Парамедиастинальная эмпиема может проявляться синдромом сдавления верхней полой вены.

Большие и даже средние по величине плевральные экссудаты могут вызвать дислокацию средостения и крупных сосудов в здоровую сторону, что при смещении влево может сопровождаться перегибом больших венозных сосудов, резким набуханием шейных вен, застоем в органах брюшной полости и уменьшением притока крови к сердцу. При смещении средостения вправо наблюдается смещение аорты и особенно легочной артерии, что также приводит к обеднению сердца артериальной кровью, к уменьшению систолического и минутного объема выбрасываемой крови. Большие смещения сердца и особенно крупных сосудов могут привести при резких движениях в кровати, при попытках сесть или встать к внезапной смерти.

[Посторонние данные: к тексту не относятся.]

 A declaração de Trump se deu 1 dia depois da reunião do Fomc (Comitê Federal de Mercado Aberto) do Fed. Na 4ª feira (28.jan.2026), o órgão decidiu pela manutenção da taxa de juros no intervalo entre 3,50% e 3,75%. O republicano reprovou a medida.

Клиническое течение острых посттравматических эмпием определяется, прежде всего, характером повреждения грудной стенки, легкого и других внутренних органов. При закрытых травмах груди, ранениях без повреждения легкого и с незначительным повреждением тканей грудной стенки эмпиема развивается как нагноение гемоторакса. Эмпиема плевры после ранений с повреждением легкого протекает более тяжело, что обусловлено степенью повреждения легкого, наличием и характером бронхоплевральных сообщений. Чаще всего гнойный процесс начинается в плевральной полости как нагноение инфицированного гемоторакса. Однако нагноение может развиваться и в плевре, и в поврежденном легком. Клиническая картина в таких случаях соответствует клинической картине эмпиемы, протекающей с деструкцией легкого. Наиболее тяжело протекают эмпиемы после ранений с широко открытым наружным пневмотораксом. Гнойный процесс в таких случаях характеризуется бурным клиническим течением по типу раневого сепсиса, переходит на грудную стенку с развитием флегмоны. Прогноз часто неблагоприятный.

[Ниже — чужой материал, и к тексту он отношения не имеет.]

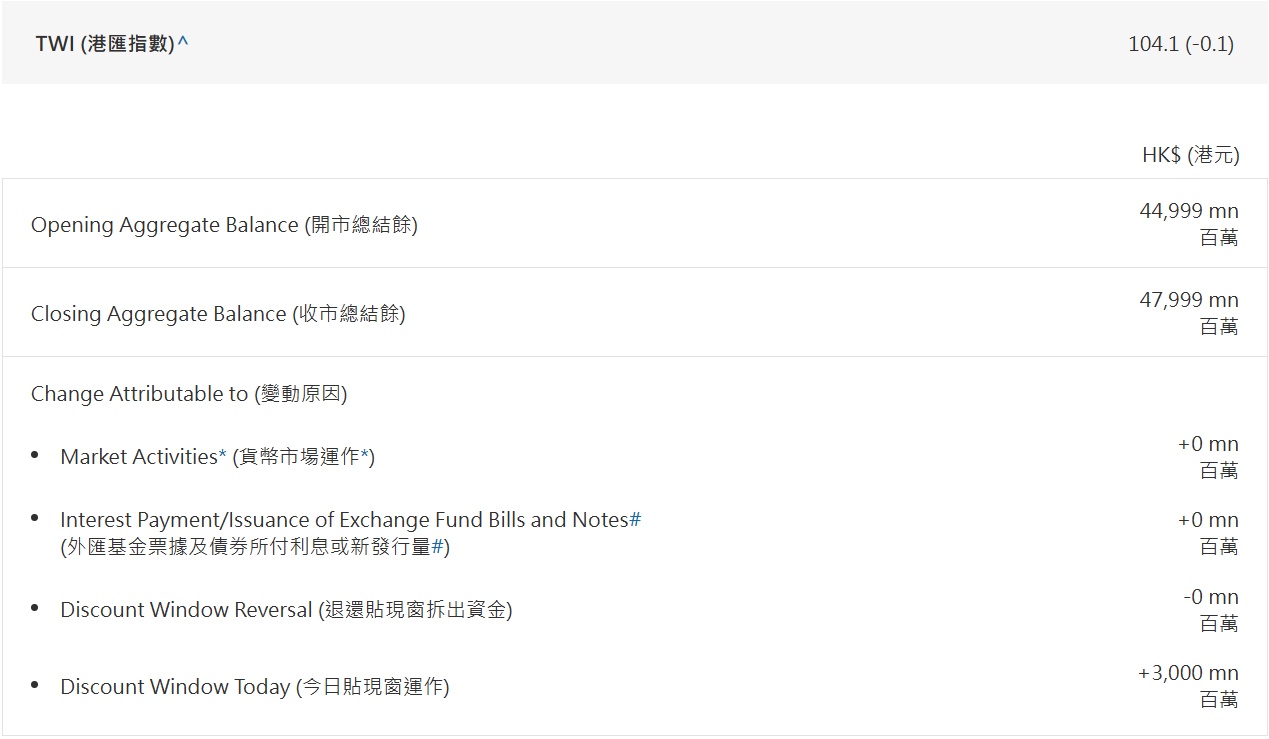 智通财经APP获悉,据香港金管局公布数据显示,11月30日通过贴现窗口向银行提供30亿元港流动性,为自8月24日以来最大金额。此前,香港金管局上一次通过贴现窗向银行提供流动性是在11月22日,当日提供了9.04亿港元流动性。

Клиническая симптоматика послеоперационных эмпием зависит не только от степени загрязнения плевральной полости, но и от характера перенесенного вмешательства. В связи с этим различают 4 группы послеоперационных эмпием плевры: 1) после пневмонэктомии; 2) после частичной резекции легкого; 3) после операций на пищеводе; 4) после кардиохирургических и других операций без повреждения легкого и других полых органов.

Анаэробные эмпиемы плевры отличаются крайне тяжелым течением. Молниеносные и быстропрогрессирующие формы анаэробной эмпиемы протекают с резчайшей интоксикацией, тахикардией до 120—140 уд/мин, гектической тем­пературой тела, психоэмоциональными расстройствами вплоть до коматозного состояния. Торпидные формы анаэробной эмпиемы тоже отличаются тяжелой общей интоксикацией. Отмечаются резкая бледность, желтушность склер и кожи, нарастающая одышка. При осмотре чаще выявляются отек подкожной клетчатки и кожи на пораженной стороне грудной клетки, усиление болезненности по ходу межреберий. При газообразующих формах анаэробных возбудителей можно уже в ранних стадиях обнаружить при пальпации характерный хруст газа в подкожной клетчатке грудной клетки.

ВОПРОСЫ.

  1. Перечислите основные общие симптомы, встречающиеся при острой эмпиеме плевры?

  2. Перечислите основные местные симптомы, встречающиеся при острой эмпиеме плевры?

  3. Что такое ортопноэ?

  4. Перечислите характерные признаки, наблюдаемые при осмотре, пальпации, перкуссии и аускультации больного острой эмпиемой плевры.

  5. Какие особенности в клиническом течении имеют различные формы осумкованной эмпиемы плевры?

  6. В чем заключается угроза для жизни больного при большом гидротораксе?

  7. Какие формы анаэробной эмпиемы Вы знаете?